# Receiver shows wrong time on program guide???



## bnewt (Oct 2, 2003)

Anyone know the correcting steps?


----------



## redfishhunter (Aug 5, 2004)

Call Dish Network or unplug your receiver for 30 min. 
It should take care of it.


----------



## stonecold (Feb 20, 2004)

Did you recently move into a different time zone. 

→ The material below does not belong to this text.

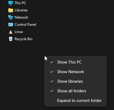 - Right-click on free space in the left navigation pane to open context menu

The time as is regulated by two things by dish , who sends down the time to the reciver and then the access card which has which time zone your in and if you are in daylight savings or not. Based on those two thing the reciver will figure out the time.


----------



## Darkman (Apr 16, 2002)

I also think it can depend on the Zip Code that's on card....
or Zip code being part of above combo (described by stonecold)


----------



## bnewt (Oct 2, 2003)

Since this receiver came from California (it was used), could this be the problem? If so, do I just need a new access card?


----------



## Darkman (Apr 16, 2002)

That's a good possibility...
New access card will not do the trick...
If it is a legal receiver (being subscribed by you etc etc.. ) - phone call to DISH network.. and explaining the problem - should do the trick...


----------



## bnewt (Oct 2, 2003)

Yes, it is legal. I checked on the balance of the receiver & card b4 I purchased. Dish had no problem authorizing it.


----------



## Darkman (Apr 16, 2002)

The sounds like you should call them for the "correct time fix"


----------



## bnewt (Oct 2, 2003)

tech support had me pull the access card, unplug the receiver - after doing each of these, the correct time appeared for a second & then jumped an hour ahead. Our area is now on daylight savings time. why can't dish correct this problem? they supposedly sent some type of report to the engineers so that they could revise the software. I told him there was no way the engineers were going to spend time on this problem. He asked me to give the problem a couple of days, if it wasn't resolved, they would send me a replacement. all of this conversation was supposedly noted on my record.


----------